#### [INFORMATION]
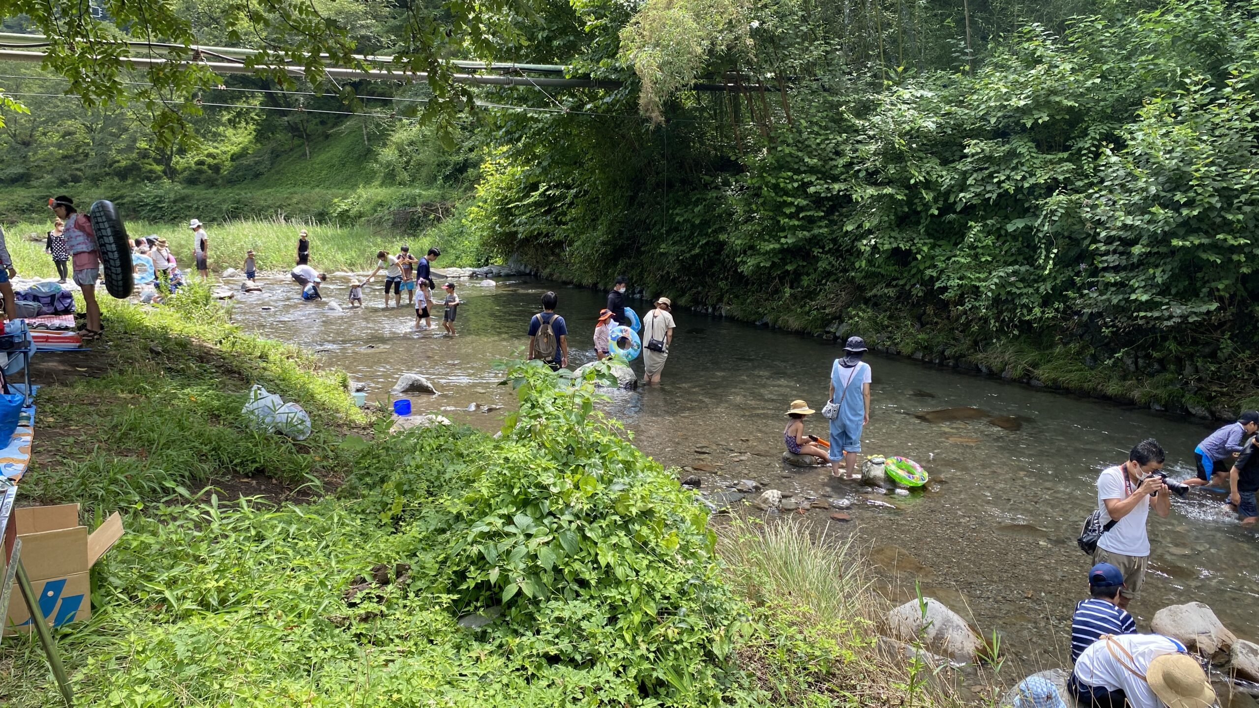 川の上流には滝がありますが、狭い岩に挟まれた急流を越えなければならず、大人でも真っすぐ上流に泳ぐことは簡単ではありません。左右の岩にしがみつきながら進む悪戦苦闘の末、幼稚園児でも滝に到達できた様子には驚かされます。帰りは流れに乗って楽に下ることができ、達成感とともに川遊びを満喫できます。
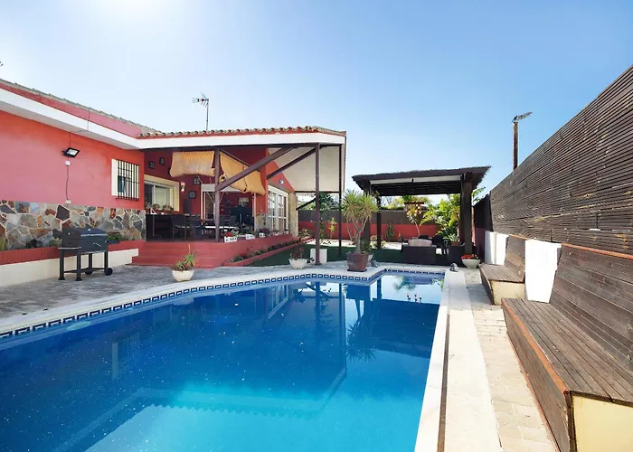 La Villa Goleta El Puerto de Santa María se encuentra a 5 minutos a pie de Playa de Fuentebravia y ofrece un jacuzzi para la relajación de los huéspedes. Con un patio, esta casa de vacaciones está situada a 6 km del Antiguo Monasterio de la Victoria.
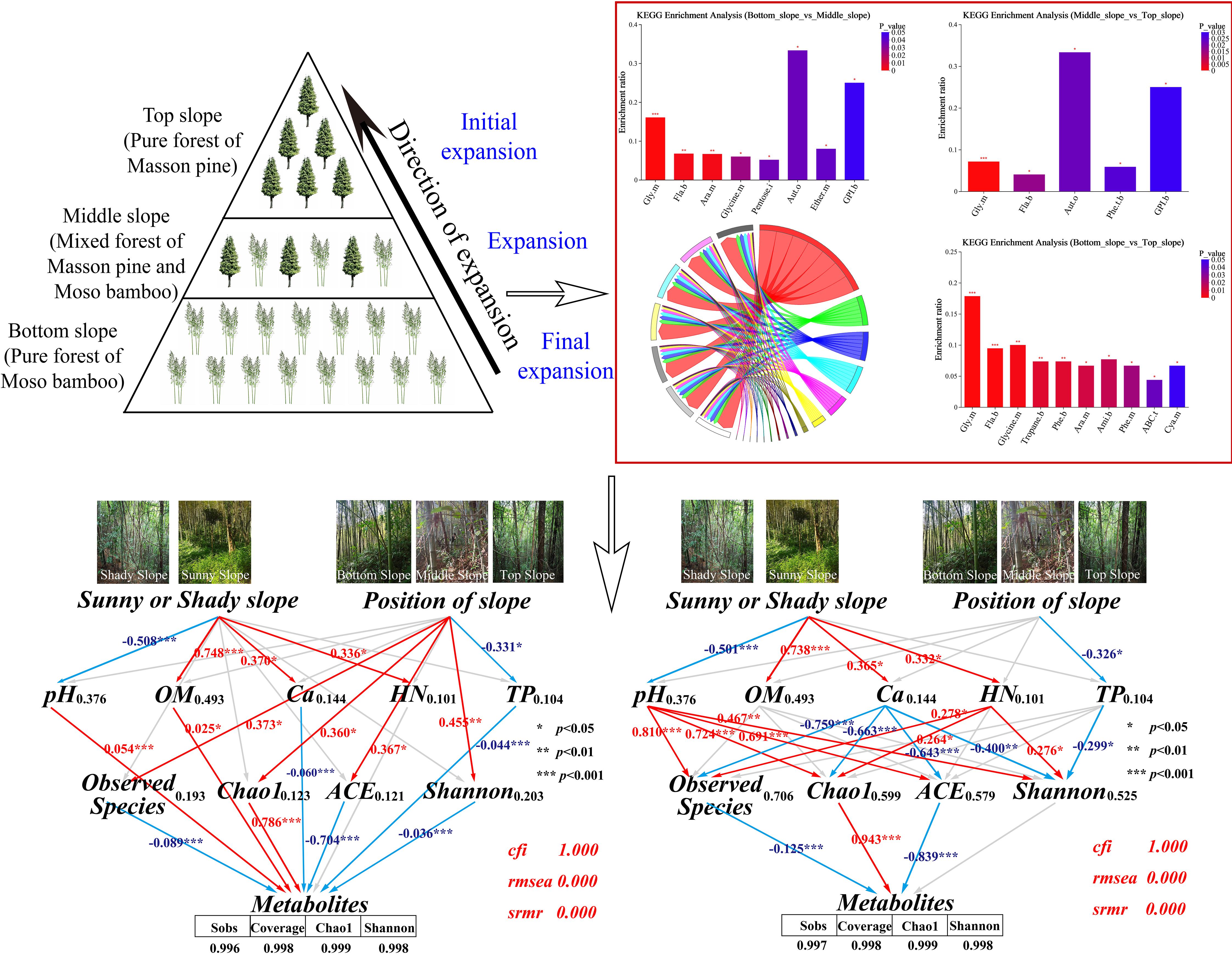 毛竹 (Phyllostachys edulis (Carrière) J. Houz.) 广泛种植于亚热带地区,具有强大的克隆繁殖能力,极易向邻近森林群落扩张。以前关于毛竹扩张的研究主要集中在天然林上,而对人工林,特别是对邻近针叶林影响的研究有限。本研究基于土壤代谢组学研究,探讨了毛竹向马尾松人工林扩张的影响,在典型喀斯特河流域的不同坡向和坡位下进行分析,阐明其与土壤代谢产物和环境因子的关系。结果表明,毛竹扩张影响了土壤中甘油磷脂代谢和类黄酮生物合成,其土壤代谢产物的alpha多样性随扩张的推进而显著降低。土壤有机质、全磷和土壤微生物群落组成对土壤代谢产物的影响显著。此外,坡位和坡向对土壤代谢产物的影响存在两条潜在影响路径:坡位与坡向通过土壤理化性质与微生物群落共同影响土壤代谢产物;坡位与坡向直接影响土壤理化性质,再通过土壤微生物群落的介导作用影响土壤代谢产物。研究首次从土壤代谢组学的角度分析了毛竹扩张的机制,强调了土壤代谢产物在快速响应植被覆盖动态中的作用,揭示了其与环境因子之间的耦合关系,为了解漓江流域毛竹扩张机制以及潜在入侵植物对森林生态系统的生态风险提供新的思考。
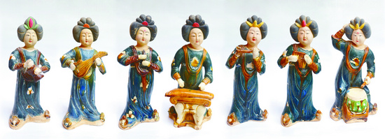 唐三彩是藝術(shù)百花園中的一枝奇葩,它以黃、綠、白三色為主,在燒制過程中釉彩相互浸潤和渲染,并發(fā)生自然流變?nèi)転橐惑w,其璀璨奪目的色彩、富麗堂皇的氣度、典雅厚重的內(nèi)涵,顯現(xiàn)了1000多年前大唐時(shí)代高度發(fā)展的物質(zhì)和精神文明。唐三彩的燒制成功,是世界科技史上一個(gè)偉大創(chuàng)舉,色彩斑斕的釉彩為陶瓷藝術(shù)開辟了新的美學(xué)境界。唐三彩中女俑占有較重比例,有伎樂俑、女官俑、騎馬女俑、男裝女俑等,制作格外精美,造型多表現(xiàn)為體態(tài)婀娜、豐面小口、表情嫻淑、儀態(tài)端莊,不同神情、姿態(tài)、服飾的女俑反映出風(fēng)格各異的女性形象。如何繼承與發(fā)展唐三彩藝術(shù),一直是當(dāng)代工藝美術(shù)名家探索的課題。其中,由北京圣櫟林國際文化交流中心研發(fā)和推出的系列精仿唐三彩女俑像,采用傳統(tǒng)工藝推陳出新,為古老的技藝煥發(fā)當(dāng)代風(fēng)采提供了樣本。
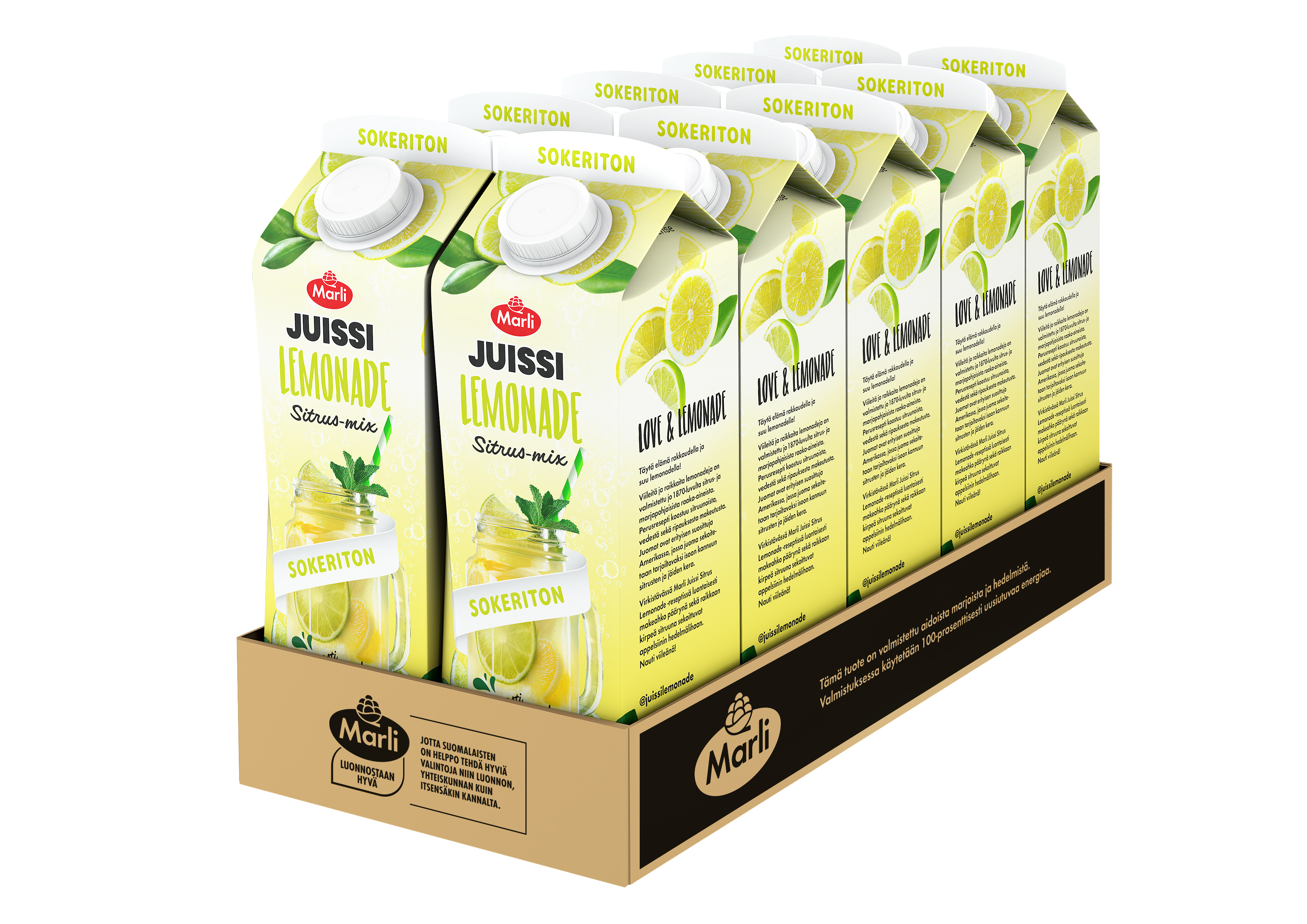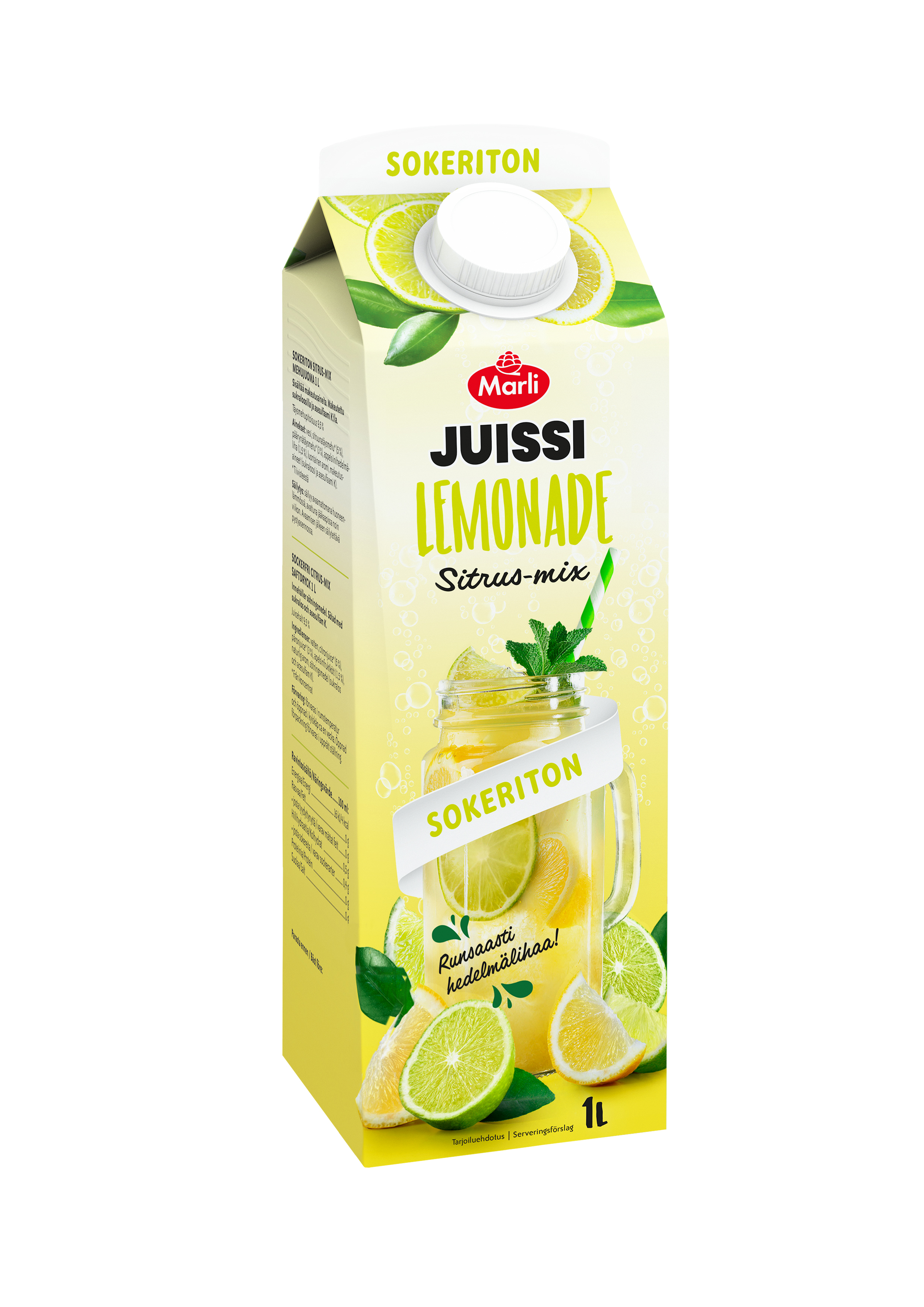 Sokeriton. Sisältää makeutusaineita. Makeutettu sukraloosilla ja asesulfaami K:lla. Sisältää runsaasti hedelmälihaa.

#### [TASK DETAILS]
Output verbatim the lines beginning at the line with "唐三彩是藝術(shù)百花園" and ending at the last line of the material above, inclusive. Do not carry over any pictures.

#### [FINISHED TASK]
 唐三彩是藝術(shù)百花園中的一枝奇葩,它以黃、綠、白三色為主,在燒制過程中釉彩相互浸潤和渲染,并發(fā)生自然流變?nèi)転橐惑w,其璀璨奪目的色彩、富麗堂皇的氣度、典雅厚重的內(nèi)涵,顯現(xiàn)了1000多年前大唐時(shí)代高度發(fā)展的物質(zhì)和精神文明。唐三彩的燒制成功,是世界科技史上一個(gè)偉大創(chuàng)舉,色彩斑斕的釉彩為陶瓷藝術(shù)開辟了新的美學(xué)境界。唐三彩中女俑占有較重比例,有伎樂俑、女官俑、騎馬女俑、男裝女俑等,制作格外精美,造型多表現(xiàn)為體態(tài)婀娜、豐面小口、表情嫻淑、儀態(tài)端莊,不同神情、姿態(tài)、服飾的女俑反映出風(fēng)格各異的女性形象。如何繼承與發(fā)展唐三彩藝術(shù),一直是當(dāng)代工藝美術(shù)名家探索的課題。其中,由北京圣櫟林國際文化交流中心研發(fā)和推出的系列精仿唐三彩女俑像,采用傳統(tǒng)工藝推陳出新,為古老的技藝煥發(fā)當(dāng)代風(fēng)采提供了樣本。
 Sokeriton. Sisältää makeutusaineita. Makeutettu sukraloosilla ja asesulfaami K:lla. Sisältää runsaasti hedelmälihaa.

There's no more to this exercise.